Skema Efisiensi MBG Disiapkan, Efektivitas Program Tetap Dijaga
Skema Efisiensi MBG Disiapkan, Efektivitas Program Tetap Dijaga
Jakarta – Pemerintah menyiapkan skema efisiensi dalam pelaksanaan Program Makan Bergizi Gratis (MBG) guna memastikan penggunaan anggaran tetap optimal tanpa mengurangi kualitas layanan kepada masyarakat. Langkah ini dilakukan sebagai bagian dari penguatan tata kelola program agar berjalan efektif, tepat sasaran, dan berkelanjutan.
Presiden Republik Indonesia, Prabowo Subianto, mengatakan bahwa efisiensi anggaran harus diiringi dengan peningkatan kualitas pelaksanaan program.
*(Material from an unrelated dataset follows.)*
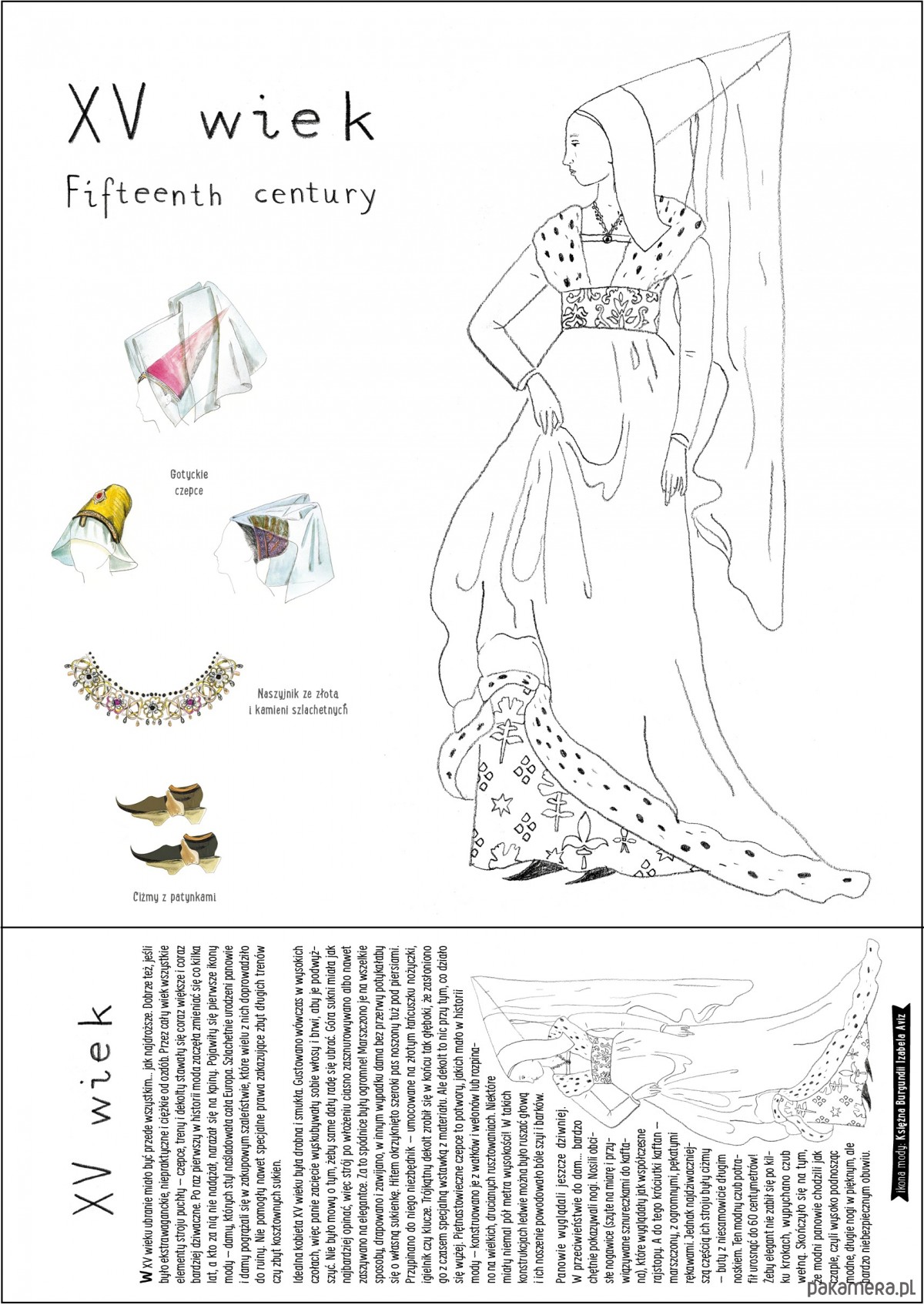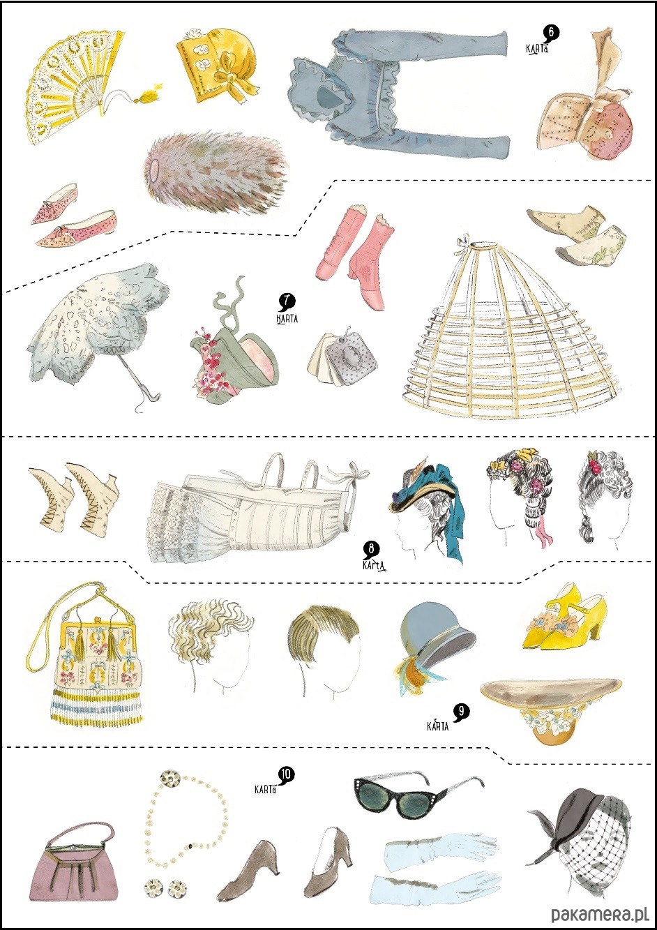 Po drugiej stronie każdej karty – wzór tkaniny lub biżuteria z epoki do pokolorowania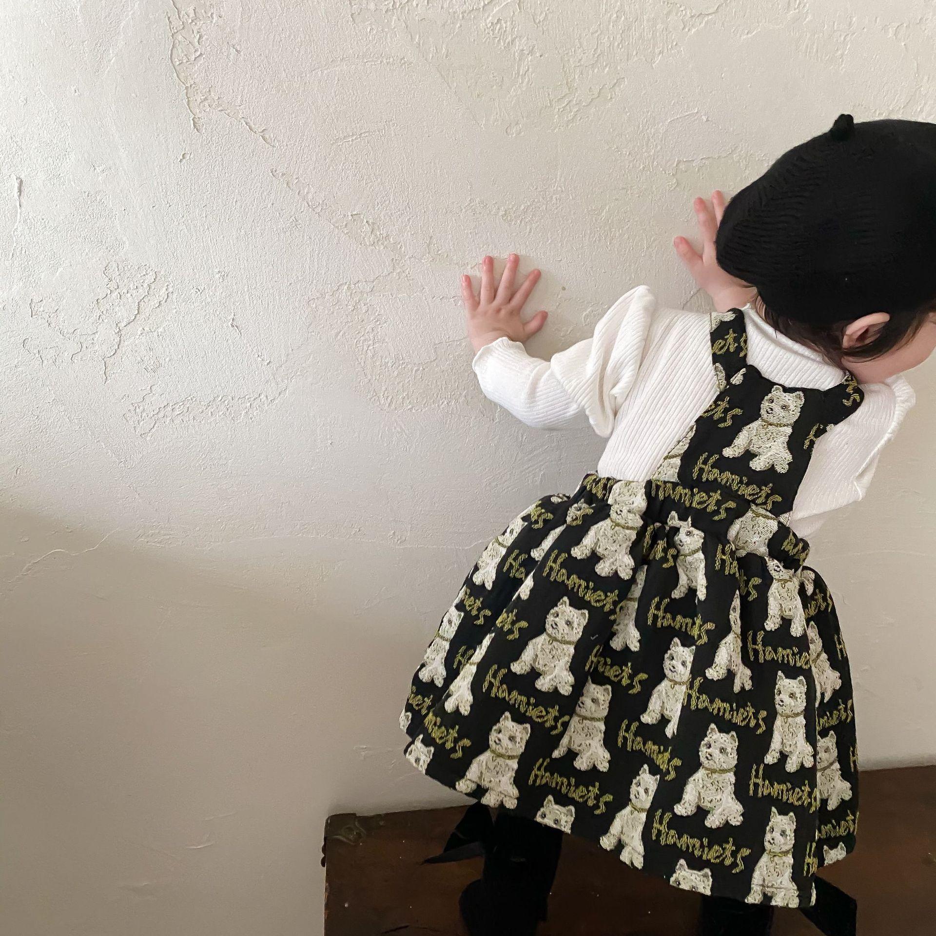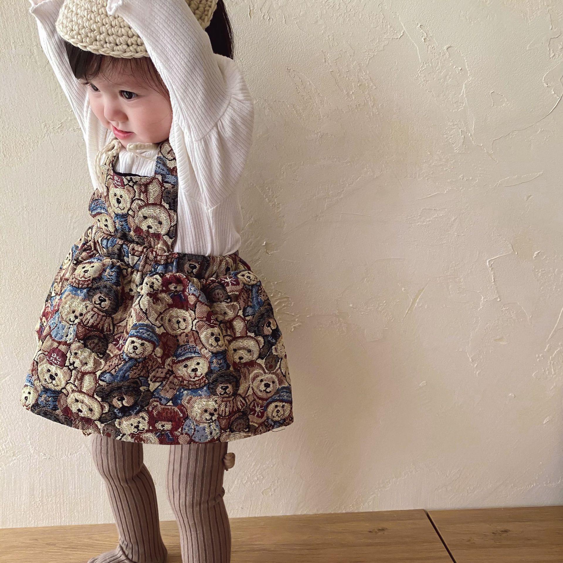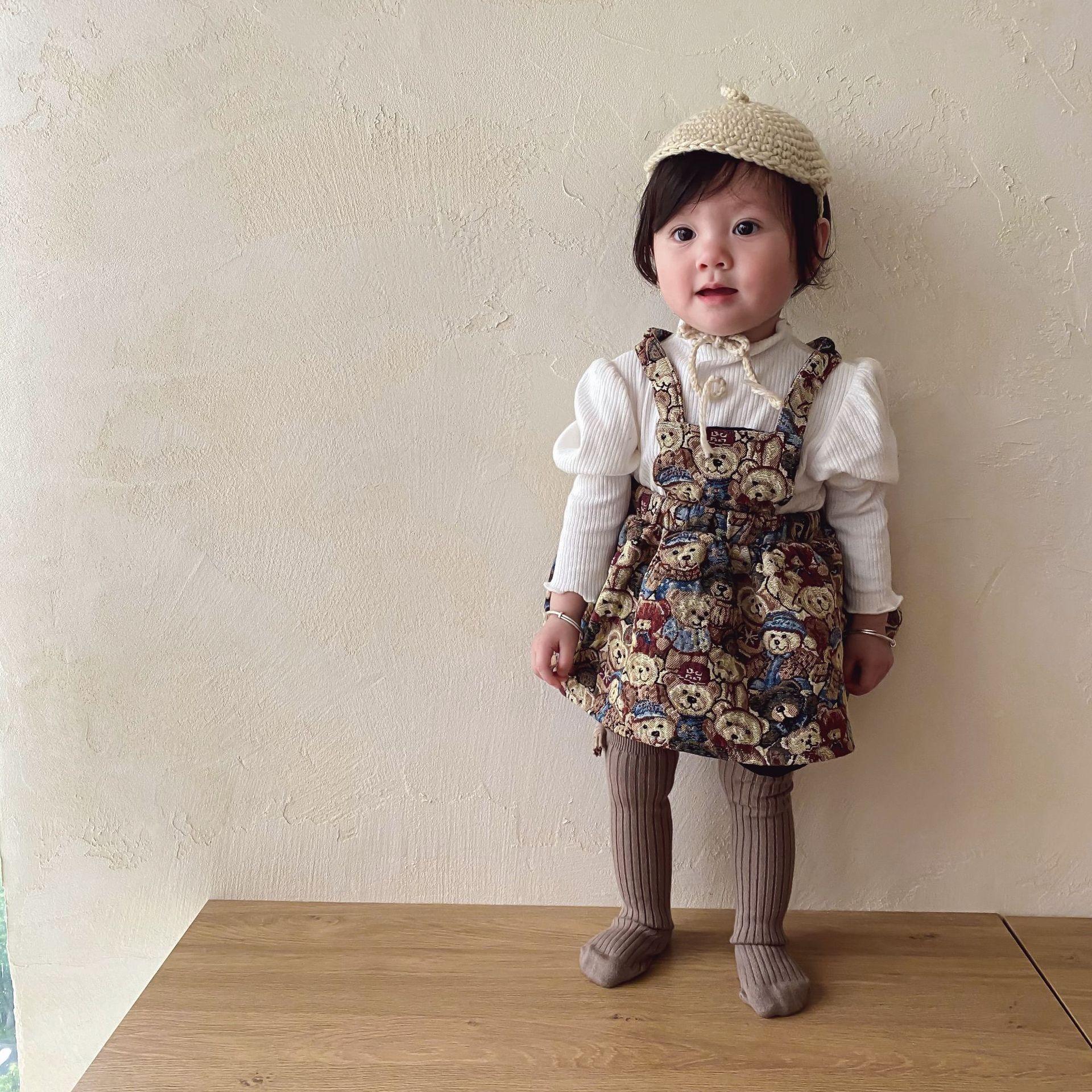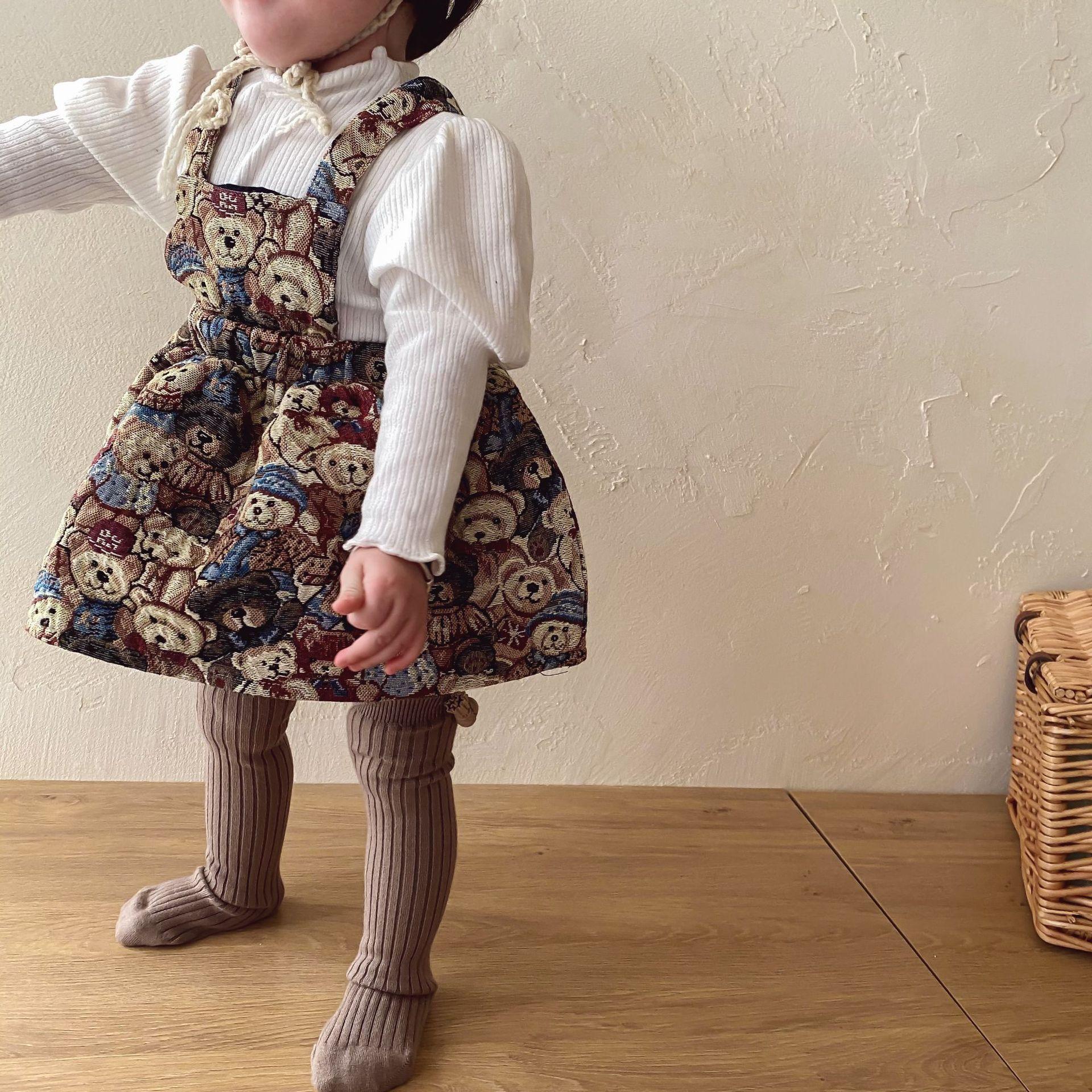 [Estilo de Gran Venta] Traje Niñas Falda de Tirantes Manga Abullonada Ropa Infantil Coreana Ropa Infantil para Bebé Primavera Niña

Ia menegaskan bahwa pemerintah berkomitmen menjaga keseimbangan antara optimalisasi biaya dan manfaat yang diterima masyarakat. “Efisiensi bukan berarti mengurangi kualitas. Justru kita ingin memastikan setiap anggaran digunakan secara tepat dan memberi dampak maksimal,” ujarnya.
Presiden Prabowo menambahkan bahwa pengelolaan program berskala nasional seperti MBG membutuhkan perencanaan yang matang serta pengawasan yang konsisten. Menurutnya, langkah efisiensi harus dilakukan secara terukur agar tidak mengganggu capaian program. Ia juga menekankan pentingnya kolaborasi lintas sektor, baik antara kementerian, pemerintah daerah, maupun mitra pelaksana di lapangan. “Kita ingin program ini berjalan efektif, terukur, dan berkelanjutan,” tegasnya.
Kepala Badan Gizi Nasional, Dadan Hindayana, menjelaskan bahwa skema efisiensi difokuskan pada optimalisasi rantai pasok, pengelolaan operasional, serta pemanfaatan sumber daya lokal. Ia menyebut bahwa pendekatan tersebut memungkinkan program tetap berjalan dengan kualitas yang terjaga sekaligus menekan potensi pemborosan. “Efisiensi dilakukan tanpa mengurangi standar gizi dan kualitas layanan yang diberikan kepada penerima manfaat,” katanya.
Lebih lanjut, Dadan menyampaikan bahwa pemanfaatan bahan pangan lokal tidak hanya mendukung efisiensi, tetapi juga memberikan dampak ekonomi bagi masyarakat, khususnya pelaku usaha kecil dan petani. Dengan demikian, program MBG tidak hanya berfungsi sebagai intervensi gizi, tetapi juga menjadi penggerak ekonomi di daerah.
Pemerintah juga terus melakukan evaluasi dan penyesuaian dalam implementasi program agar tetap adaptif terhadap kebutuhan di lapangan. Monitoring berkala dilakukan untuk memastikan distribusi berjalan lancar dan tepat sasaran. Menurut Dadan, langkah ini penting agar MBG dapat menjangkau lebih banyak penerima dengan pengelolaan yang semakin baik.
Dengan skema efisiensi yang terencana, pemerintah optimistis Program MBG dapat berjalan lebih efektif dan berkelanjutan. Upaya ini sekaligus menegaskan komitmen negara dalam menghadirkan program strategis yang tidak hanya luas jangkauannya, tetapi juga berkualitas dalam pelaksanaannya serta memberikan manfaat nyata bagi masyarakat luas.